Абдулла смутился еще больше. Однако тут же попытался взять себя в руки.
– А если бы я уехал, это было бы очень плохо? – тихо спросил он.
– Наверно, нет, – после паузы ответила девушка, а потом добавила: – Человек делает как ему надо. Ведь ты же не обиделся на меня, когда я сказала, что не поеду в Ташкент? Ведь верно? Не обиделся?!
– Верно, – обрадовался Абдулла. – Почему я должен был обидеться? Я… я нисколько на тебя не обижаюсь.
– И я тоже…
Потом Абдулла проводил ее домой.
* * *
И еще через год приехал Абдулла на каникулы в Мингбулак, а потом снова надо было ждать год, и снова он приехал. Обычно он проводил день или два дома, в Ташкенте, а затем отправлялся в Коканд. Шаходат-хола не знала, что и думать о такой привязанности внука к бабушке. В душе она не очень верила этому: не могла забыть, как вел себя на вокзале Абдулла, когда в первый раз уезжал в Ленинград. Проводить сына собрался и отец. Шаходат-хола говорила ему: лежи дома, зачем тебе мучиться, но муж не согласился с ней. Абдулла же молчал. А на вокзале он раньше всех уезжавших забрался в вагон. Когда поезд тронулся, он выглянул из окна, махнул рукой пару раз и исчез из виду. Матери стало не по себе. Она кляла себя за то, что согласилась отпустить Абдуллу. «Теперь он совсем от рук отобьется, – подумала она. – Нет, не мягкое у него сердце. Похоже, мы с мужем не так уж хорошо знаем своего ребенка».

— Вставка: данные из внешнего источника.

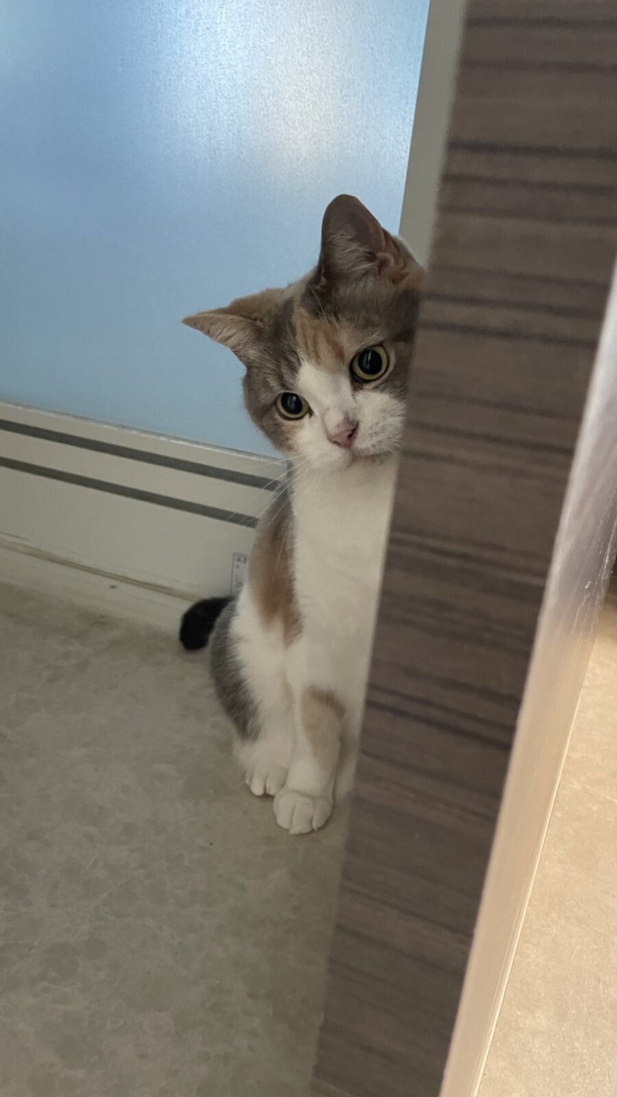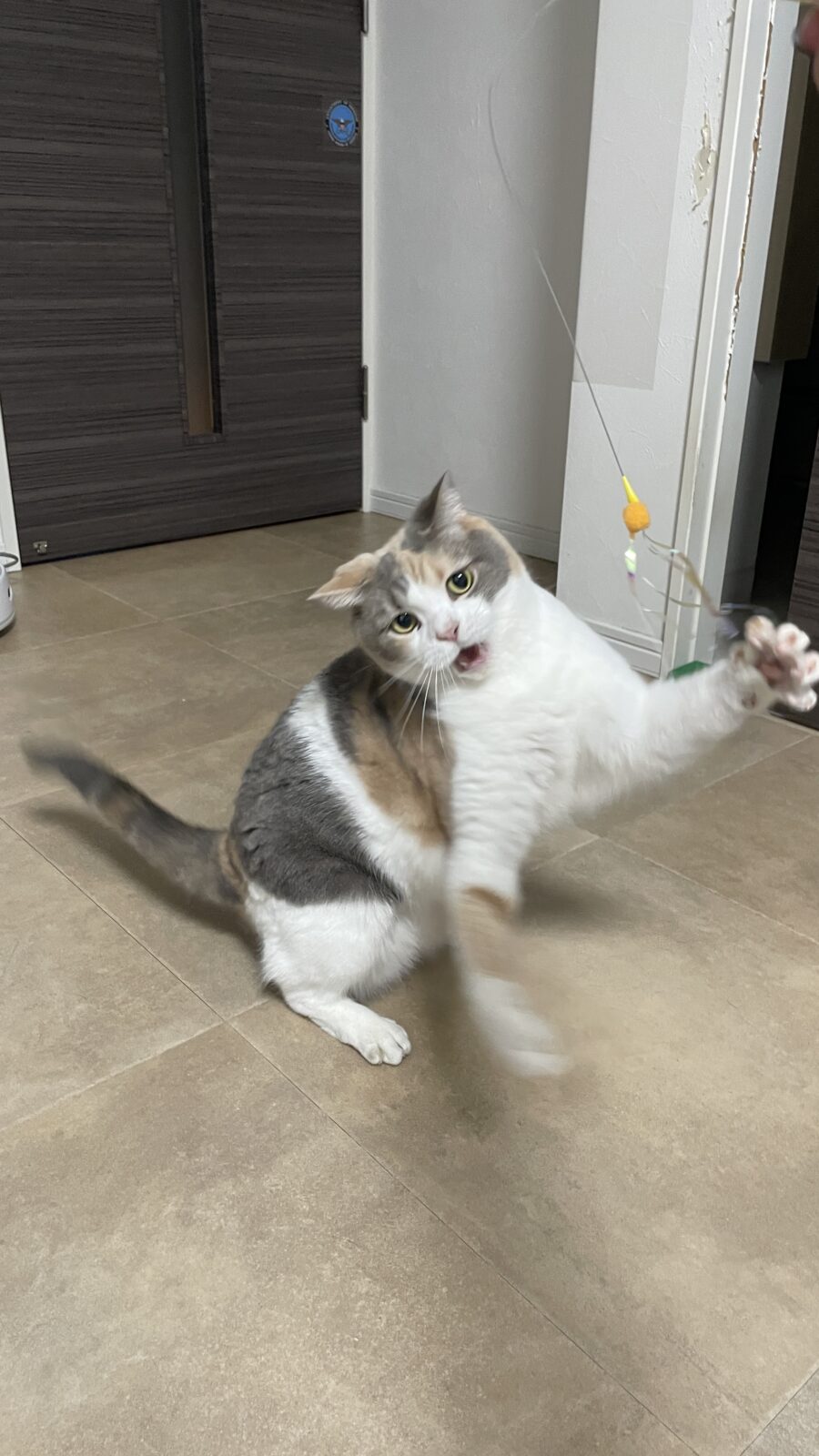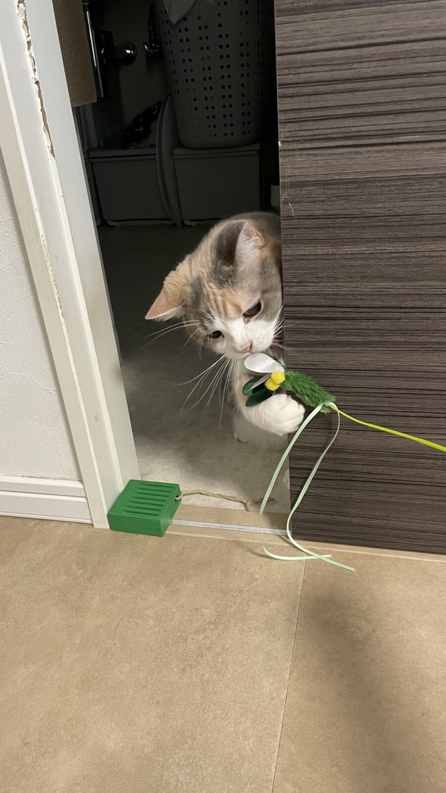 ジャラシを出すとドアの後に隠れてチラっと顔を出します😆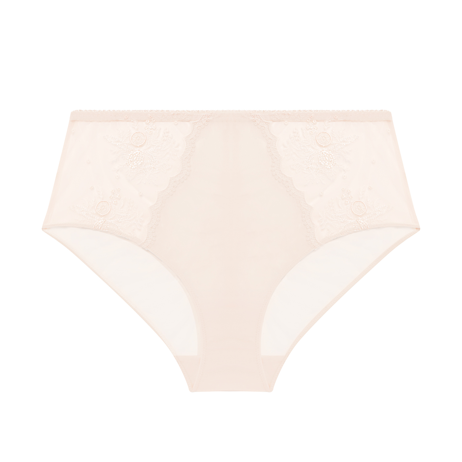 高腰三角內褲,採用再生刺繡與薄紗面料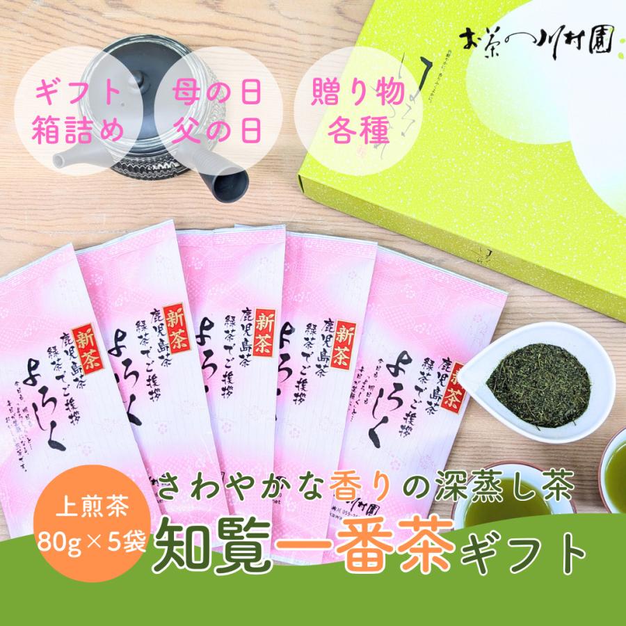 お年賀 お茶 ギフト 知覧茶 上煎茶「よろしく」80g×5袋 鹿児島茶 お茶の葉 深蒸し茶 寒中見舞 御祝 内祝 快気祝 各種のし対応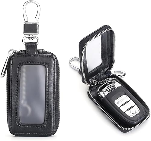 TTPSRY Premium Leather Car Key Zipper Case for Men & Women, Vintage Elegant Universal Remote Key Holder, Durable Stylish Car Key Protector(Black)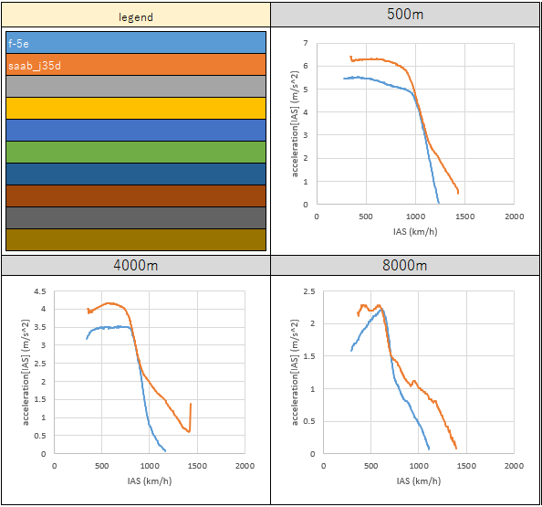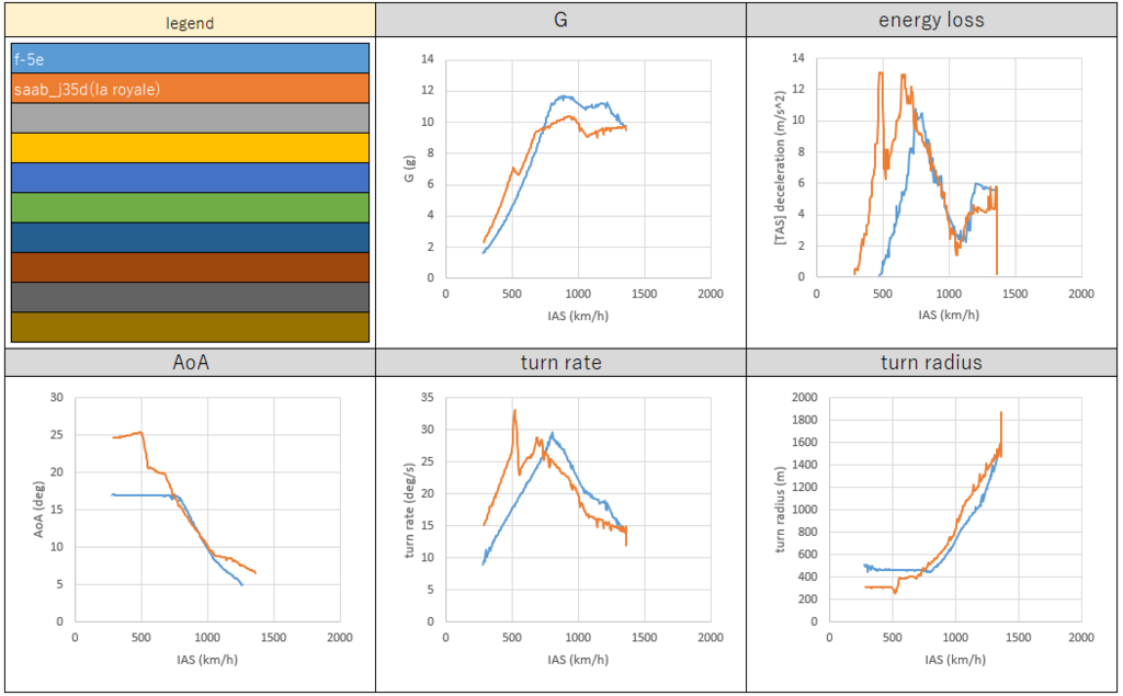 そこそこ使っての感想。全速度帯で10G以下しか曲がらないので中速域以上の旋回は並以下。エアブレーキは効きが悪い上、展開するとピッチが効かなくなるため1サークルの押し出しが苦手。超旋回を出せる700kph以下調整しようにも、加減速率の悪さと低速域のエネ保から速度調整は至難となり2サークルも難あり。一撃離脱機としての運用がメインだけどkfirで良いやとなる機体だな。F-5Eと比較すると800kph以上で旋回率・旋回半径・エネ保全て負ける不遇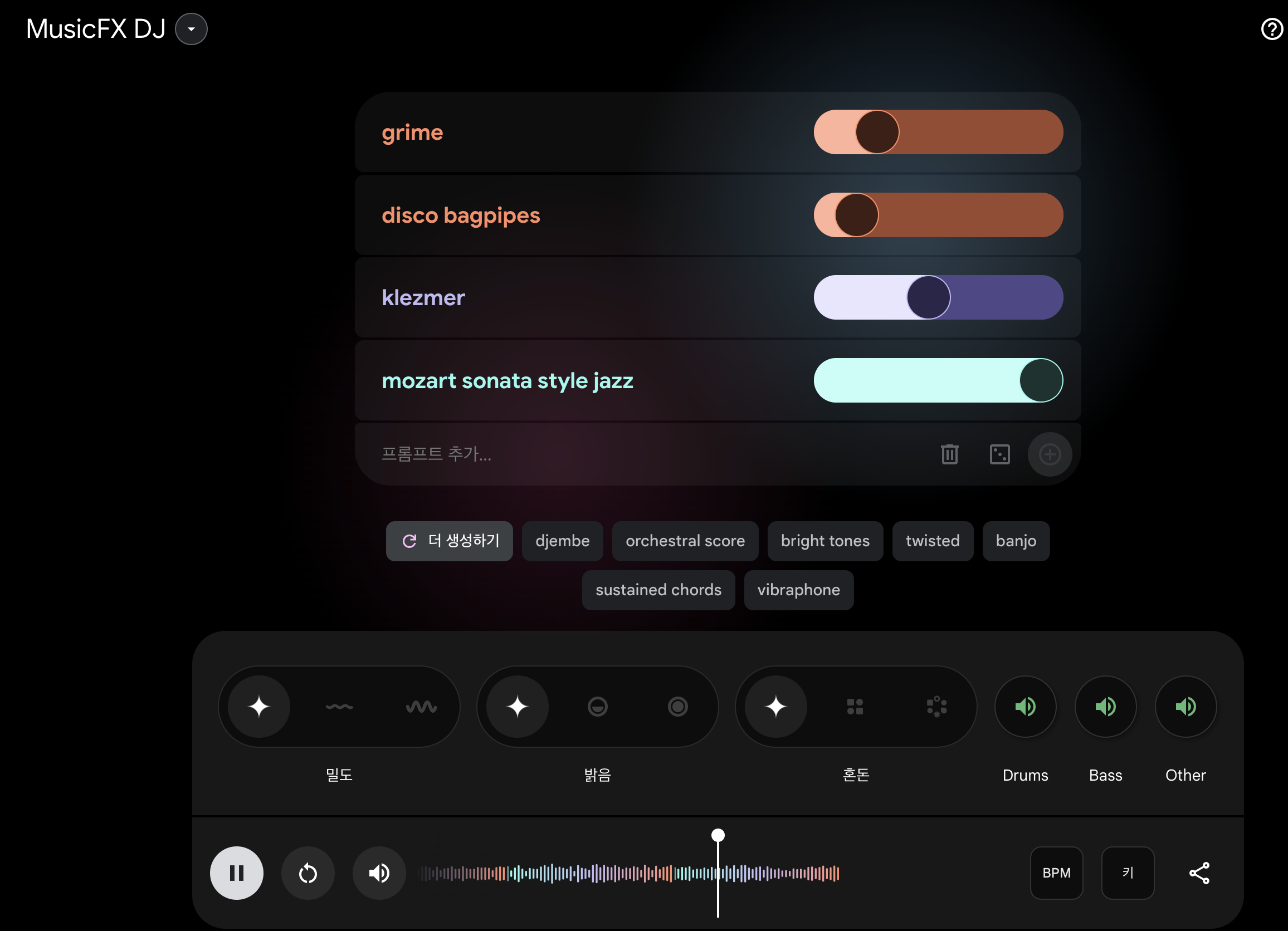 뮤직 FX DJ는 누구나 연속적인 음악 흐름을 창작할 수 있도록 도와주는 생성형 음악 도구입니다. 🎧 이 도구는 악기 🎻, 장르 🎶, 감정 😊 등과 같은 프롬프트를 혼합하여 사용자가 AI 기반의 잼 세션을 지휘할 수 있게 합니다. 이를 통해 창의적인 아이디어를 자극하고 개인 음악 창작에 샘플로 사용할 수 있습니다.

– Твой сын стал совсем взрослым, – сказал тогда Гафурджан-ака по дороге домой.
– А что?
– Я хотел было обнять его, а он отстранился.
– Он едет так далеко, один, вот и старается быть похожим на взрослого! – объяснила мужу Шаходат-хола, но легче ей от этого объяснения не стало.
Письма, которые Абдулла присылал родителям, были короткими, и писал он в основном о себе. Домом он почти не интересовался. «Похож на меня, – говорил Гафурджан-ака, читая письма сына. – Я тоже недолюбливал писать письма». Шаходат-хола только грустно улыбалась ему. Ей приходилось успокаивать себя словами: «Сын еще молод, еще не поздно» – и с нетерпением ждать следующего письма. Каждый приезд Абдуллы из Ленинграда был для нее и для Гафурджана-ака большим праздником. За день до этого Шаходат-хола покупала на базаре все самое лучшее и вкусное, полночи возилась у очага, а потом ставила все на стол. Абдулла принимал это как должное, аппетит у него был хороший, но уже за столом он начинал придумывать повод для поездки в Мингбулак.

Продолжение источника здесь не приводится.